Ace se fijó en las manos rojas de trabajo de aquella mujer y comprendió que lo que le estaba diciendo era que no podía hacerse cargo de la niña económicamente.

–¿Y Star no tenía parientes? ¿No tenía padres ni hermanos?

–No, era hija única y sus padres murieron en un accidente de tráfico hace muchos años.

Antes de que a Ace se le ocurriera otra solución, Maggie se puso en pie.

–Aquí tiene todo lo que va a necesitar –le dijo señalando la bolsa y el corralito–. Pañales, biberones, papilla y ropa. Duerme en el corralito, pero yo creo que debería comprarle una cuna cuanto antes –concluyó mirando a la niña con lágrimas en los ojos–. Star la llamó Laura. Espero que no le cambie el nombre porque es lo único que va a tener de su madre.

Ace miró al bebé, que había dejado de llorar. Había apoyado la cabecita en su hombro y se había quedado dormida con lágrimas entre las pestañas.

Cuando levantó la cabeza, la mujer había desaparecido.

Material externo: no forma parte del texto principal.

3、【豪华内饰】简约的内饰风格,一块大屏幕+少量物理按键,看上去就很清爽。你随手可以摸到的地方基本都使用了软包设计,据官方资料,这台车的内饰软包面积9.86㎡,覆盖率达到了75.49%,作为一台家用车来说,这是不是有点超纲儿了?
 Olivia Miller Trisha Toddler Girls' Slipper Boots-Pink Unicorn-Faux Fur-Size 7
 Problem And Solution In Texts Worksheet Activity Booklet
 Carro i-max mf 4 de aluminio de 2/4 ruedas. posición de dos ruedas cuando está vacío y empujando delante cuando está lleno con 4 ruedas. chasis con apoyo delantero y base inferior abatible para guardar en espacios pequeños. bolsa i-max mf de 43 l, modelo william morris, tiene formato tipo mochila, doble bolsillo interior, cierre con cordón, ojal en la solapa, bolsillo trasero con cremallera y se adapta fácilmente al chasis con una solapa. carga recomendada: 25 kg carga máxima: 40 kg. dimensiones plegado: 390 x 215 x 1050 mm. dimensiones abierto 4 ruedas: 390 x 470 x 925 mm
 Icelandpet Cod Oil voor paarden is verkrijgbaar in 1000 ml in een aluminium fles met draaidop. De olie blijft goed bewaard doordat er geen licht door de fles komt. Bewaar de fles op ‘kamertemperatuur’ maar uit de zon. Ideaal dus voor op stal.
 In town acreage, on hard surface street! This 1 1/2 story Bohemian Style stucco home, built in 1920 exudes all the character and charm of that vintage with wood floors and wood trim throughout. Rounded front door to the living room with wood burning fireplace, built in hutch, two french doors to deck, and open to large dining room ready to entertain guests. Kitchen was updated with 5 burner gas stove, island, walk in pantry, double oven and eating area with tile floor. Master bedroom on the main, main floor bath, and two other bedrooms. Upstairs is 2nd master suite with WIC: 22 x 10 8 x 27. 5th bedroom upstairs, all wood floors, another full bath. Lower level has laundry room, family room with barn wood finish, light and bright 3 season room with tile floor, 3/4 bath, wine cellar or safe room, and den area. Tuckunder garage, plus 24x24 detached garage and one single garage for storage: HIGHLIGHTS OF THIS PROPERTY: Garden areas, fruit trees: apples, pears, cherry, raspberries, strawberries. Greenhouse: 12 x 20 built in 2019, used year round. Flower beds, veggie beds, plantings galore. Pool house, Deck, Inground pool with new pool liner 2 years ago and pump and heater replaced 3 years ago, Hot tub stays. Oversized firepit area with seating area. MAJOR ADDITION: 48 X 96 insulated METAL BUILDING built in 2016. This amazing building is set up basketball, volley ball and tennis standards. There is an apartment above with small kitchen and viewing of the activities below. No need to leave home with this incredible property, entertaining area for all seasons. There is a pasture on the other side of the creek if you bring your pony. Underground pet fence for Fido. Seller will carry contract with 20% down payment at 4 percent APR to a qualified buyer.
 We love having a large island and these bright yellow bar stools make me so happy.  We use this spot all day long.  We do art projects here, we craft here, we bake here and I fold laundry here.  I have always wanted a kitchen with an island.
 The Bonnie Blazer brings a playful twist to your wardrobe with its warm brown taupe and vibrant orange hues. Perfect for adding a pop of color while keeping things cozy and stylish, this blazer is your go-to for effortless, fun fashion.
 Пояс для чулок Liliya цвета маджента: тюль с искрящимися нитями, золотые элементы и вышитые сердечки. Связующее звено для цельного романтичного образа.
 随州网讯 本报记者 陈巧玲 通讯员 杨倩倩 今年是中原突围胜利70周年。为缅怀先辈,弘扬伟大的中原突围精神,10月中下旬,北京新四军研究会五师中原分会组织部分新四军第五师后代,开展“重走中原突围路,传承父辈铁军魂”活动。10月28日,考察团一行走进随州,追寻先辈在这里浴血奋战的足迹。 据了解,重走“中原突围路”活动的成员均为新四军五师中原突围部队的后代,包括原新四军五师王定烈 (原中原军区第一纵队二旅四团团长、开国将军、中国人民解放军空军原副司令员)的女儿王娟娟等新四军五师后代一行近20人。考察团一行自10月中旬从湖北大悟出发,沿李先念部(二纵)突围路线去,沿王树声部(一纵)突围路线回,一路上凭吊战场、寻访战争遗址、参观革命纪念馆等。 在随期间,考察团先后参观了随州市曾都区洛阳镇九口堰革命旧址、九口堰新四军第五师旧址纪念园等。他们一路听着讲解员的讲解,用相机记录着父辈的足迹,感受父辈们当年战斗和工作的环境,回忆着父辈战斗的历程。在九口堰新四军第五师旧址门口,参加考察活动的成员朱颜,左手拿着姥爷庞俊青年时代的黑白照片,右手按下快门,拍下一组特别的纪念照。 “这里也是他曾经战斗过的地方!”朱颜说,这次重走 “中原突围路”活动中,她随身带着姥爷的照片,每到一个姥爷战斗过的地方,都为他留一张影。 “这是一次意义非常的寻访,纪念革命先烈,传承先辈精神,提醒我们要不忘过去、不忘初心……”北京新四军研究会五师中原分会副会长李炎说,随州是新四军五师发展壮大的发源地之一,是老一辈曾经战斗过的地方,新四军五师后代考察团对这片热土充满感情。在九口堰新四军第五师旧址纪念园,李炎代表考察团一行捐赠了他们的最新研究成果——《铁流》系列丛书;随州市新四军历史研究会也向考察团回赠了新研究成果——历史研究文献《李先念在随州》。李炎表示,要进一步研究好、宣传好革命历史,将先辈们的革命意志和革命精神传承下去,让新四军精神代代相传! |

Ace corrió tras ella.

–¡Un momento! ¡Espere!

Maggie se dio la vuelta con una mano en la puerta de su viejo automóvil y Ace se paró en seco, con la respiración entrecortada por el pánico.

–Mire, ya sé que todo esto no es problema suyo, que usted está haciendo solamente lo que le pidieron que hiciera, pero no me puede dejar a la niña aquí. Mis hermanos y yo tenemos nuestros trabajos y nuestras responsabilidades y no nos podemos ocupar de un bebé. No sabríamos ni por dónde empezar.

Ace observó cómo la mujer miraba a la niña, vio la duda en su rostro, la incertidumbre, su obvio afecto por la pequeña.

–Ya se las apañarán –contestó sin embargo con firmeza–. Exactamente igual que he hecho yo.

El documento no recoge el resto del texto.